Молодые Саша и Парасковья Леонтьевна сидели за столом и мирно пили чай. У самовара хозяйничала молодая хозяйка. Парасковья Леонтьевна, недовольно поджав губы, ревниво следила за быстрыми и ловкими движениями белых красивых рук снохи, наливающих чай и раздающих чашки, и только тихо, незаметно вздыхала. Дымов светился счастьем. Саша был молчалив и не по-детски мрачен. Какой-то надоедливый червячок точил его сердце, он считал себя в чем-то виноватым перед отцом, словно он предал его и весь этот вечер мысленно был далеко-далеко отсюда, от этого стола и чая, от этих тихих разговоров, в прошлом, недавнем и таком далеком, вместе с веселым и жизнерадостным отцом, и словно просил у него прощения и за этот тихий вечер пролетья, за этот чай и за то, что его мать сидит рядом с веселым и ласковым Дымовым, его учеником, и что они теперь не просто пьют чай в гостях, а муж и жена. А он, папа, отдавший всем этим людям свою молодую жизнь, гниет в земле.
Елене Николаевне казалось, что счастье и мир навсегда поселились в этом старом доме, будущее рисовалось ей безоблачным и радужным. Но не зря же изрек мудрец: не хвались завтрашним днем, потому, что не знаешь, что родит тот день.
А большая всенародная беда стояла уже у порога. Где-то в кабинетах древнего Кремля, помнившего шаги русских царей и знати, уже был разработан и подписан великим вождем народов чудовищный план истребления русского мужика-землепашца.
Глава
VIII
В последнюю неделю марта в природе враз что-то взъярилось. Ласково и щедро стало припекать округлившееся солнце. Снега поплыли. По лощинам весело запели, пузырясь и пенясь, ранние ручьи. Все вокруг оживало от долгой зимней спячки. Подгорновчане, весело поглядывая на буйное разловодье, поджидали вестников весны – скворцов.
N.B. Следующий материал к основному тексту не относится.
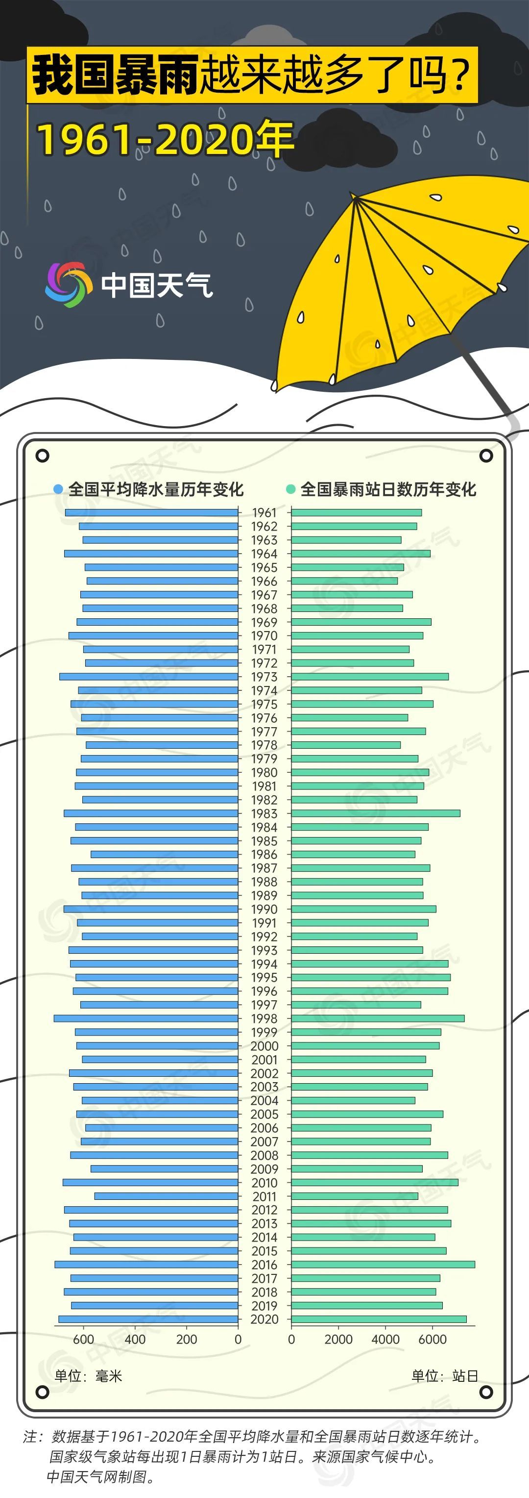 “桂林暴雨变威尼斯”、“长沙暴雨1小时下了54个西湖”、“杭州灵隐寺发大水”……今年6月进入主汛期以来,南方地区的暴雨过程一轮接一轮,多地降水量突破历史同期极值,暴雨相关话题频登热搜。今年南方强降雨有多猛?暴雨如此频繁是否罕见?影响我国的暴雨是否越来越多?中国天气网盘点气象大数据,揭秘我国暴雨60年之变。

Но поворот солнца на весну был кратковременным и обманчивым. В ночь на первое апреля на Подгорное вновь обрушился с невиданной свирепой силой хиуз. Наплыли нивесть откуда черно-свинцовые тучи, посыпал обильно снег, засвистела, загуляла по притихшим заулкам дикая пурга. Село за одни сутки вновь как в феврале замело по крыши снегом, сравняло глубокие не успевшие растаять зимники. Ни проехать, ни пройти. Мело и завихривало целую неделю.
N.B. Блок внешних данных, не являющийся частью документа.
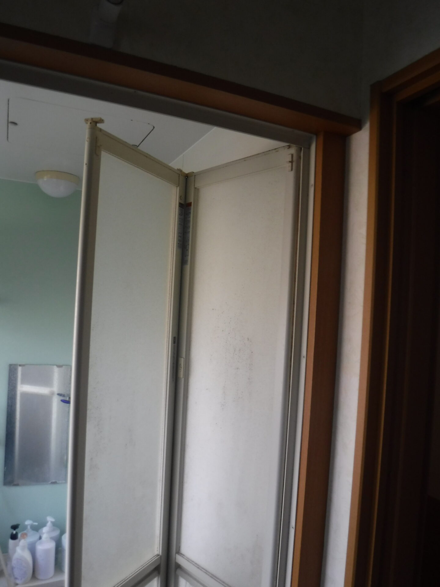 いつもいろいろとお世話になっているK様宅のユニットバス用折れ戸の取替えを

Дул свирепый хиуз и в людских душах. Пасмурно было и подувало сквозняками и в доме Дымова. Два новых, непонятных, но пугающих слова не сходили в эти апрельские дни тридцатого года с уст подгорновцев: колхоз и раскулачивание. Что скрывалось за ними – было никому неведомо, только все чувствовали крестьянским нутром, что таилось в этих словах что-то страшное: рушился весь извечный общинный жизненный уклад и родная земелюшка, обильно политая потом многих крестьянских поколений, уходила, ускользала из-под ног. Кто был посмекалистее да посмелее не стали ждать пока надвигающиеся тучи разрешатся уничтожительным градом, а заколачивали тесинами окна, собирали в узлы скарб и ночами, тайком покидали насиженные места, родное село, родную землю, родные могилы своих отцов, дедов и прадедов и пускались в неведомые дали искать в жизни притулок, пропитание и крышу над головой, помня мудрые слова предков о том, что всякий трудящийся человек достоин пропитания.
В сборне почти ежедневно собирались сходки. Пошли на сходку и Дымов с Еленой Николаевной, впервые после свадьбы вышедшие на люди. Сборня гудела как растревоженный осиный рой. При виде учительницы с дымовым люди притихли, бабы и девки зашушукались. Иннокентий, оглядев прокуренный зал сборни, увидел впереди свободные места и взяв за руку Елену Николаевну, протиснулся к ним и сел, снял шапку, расчесал пятерней густые кудри и напружинился, приготовился слушать ораторов.
Собрание открыл громкоголосый преемник Селезнева секретарь партячейки Осип Кисляков, тот самый мужик в буденновке, который произносил над его могилой речь о вечной памяти и мировой революции. Он долго и туманно говорил о братстве и свободе людей, о мировой контре, доказывал притихшим мужикам и бабам, что дорога в светлое будущее открыта и надо идти по ней с красными знаменами сообща в коммунизм. Мужики чесали затылки и угрюмо молчали. В заключение Осип сообщил, что по указанию высших властей в селе Подгорное организуется колхоз и начинается раскулачивание, уничтожение кулака-мироеда как класса.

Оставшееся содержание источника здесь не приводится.